**Task to carry out**
Your answer should hold only the lines from the one containing "Future Technologies Worksheet" through the last line below, copied exactly; pictures stay out.

**Provided data**
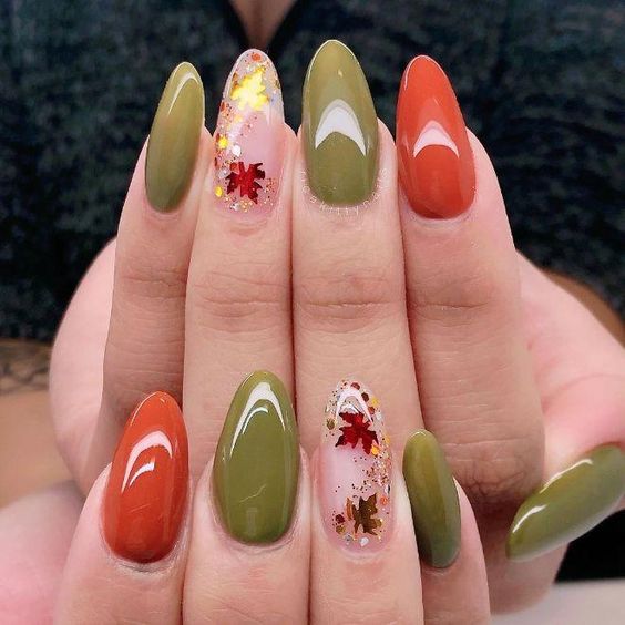 Celebrate the beauty of fall leaves with this vibrant nail design. Featuring olive green and burnt orange nails with glitter and leaf accents, this acrylic design is perfect for those who love bold and festive nail art. The gel polish finish adds a glossy and luxurious touch.
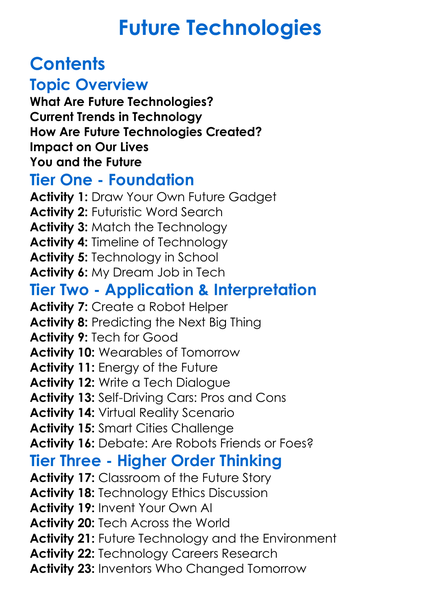 Future Technologies Worksheet Activity Booklet
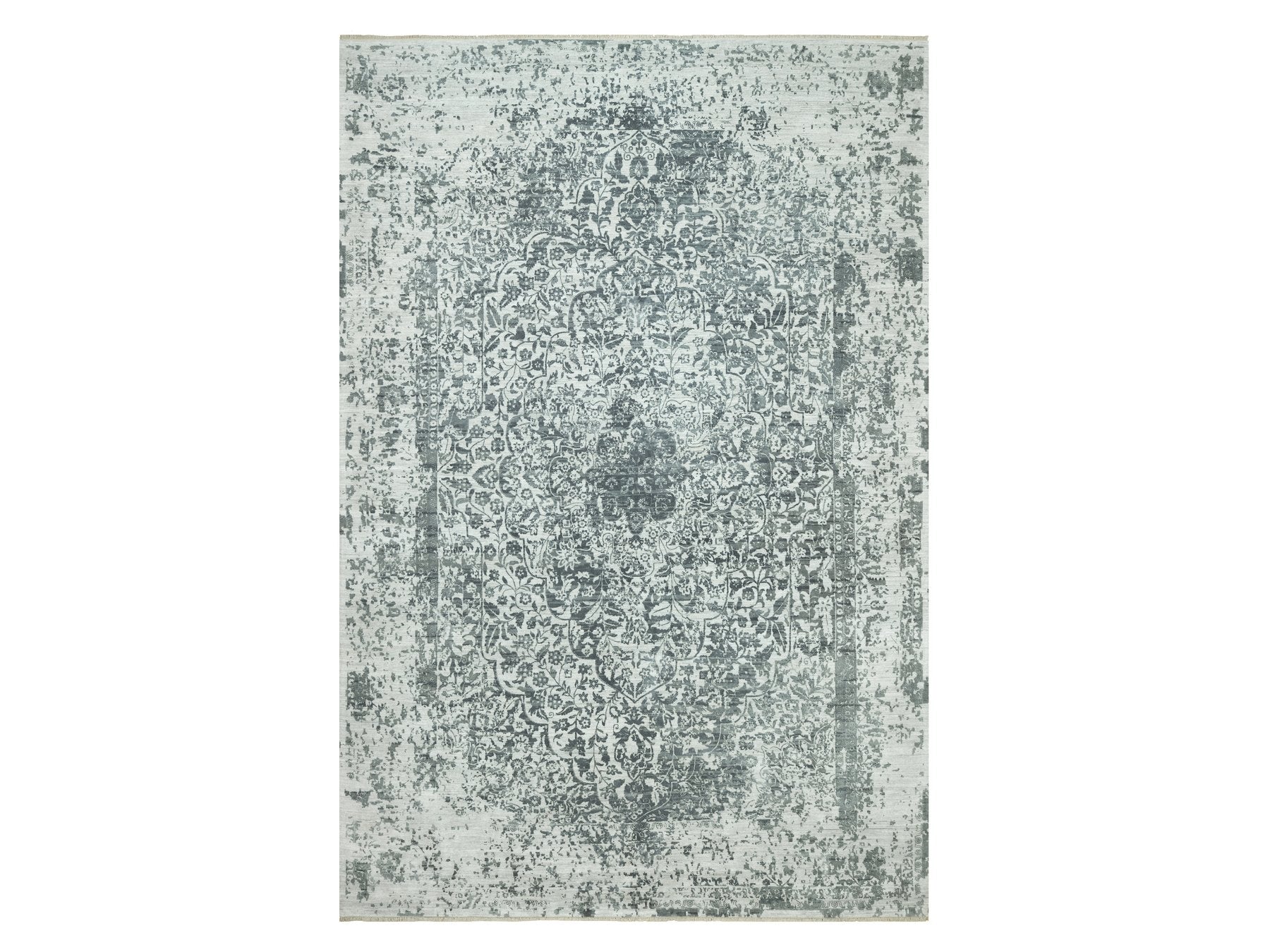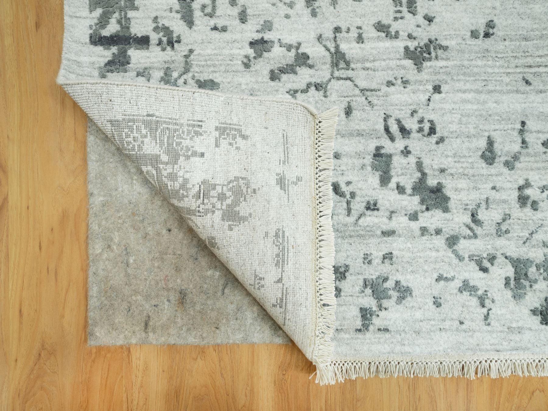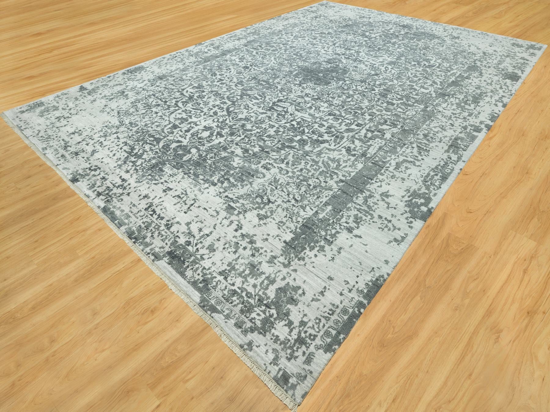 12'1" x 18'0" New Hand Knotted Grey Wool & Silk Rectangle Oriental Rug - MOA10290546

**Response**
 Future Technologies Worksheet Activity Booklet
 12'1" x 18'0" New Hand Knotted Grey Wool & Silk Rectangle Oriental Rug - MOA10290546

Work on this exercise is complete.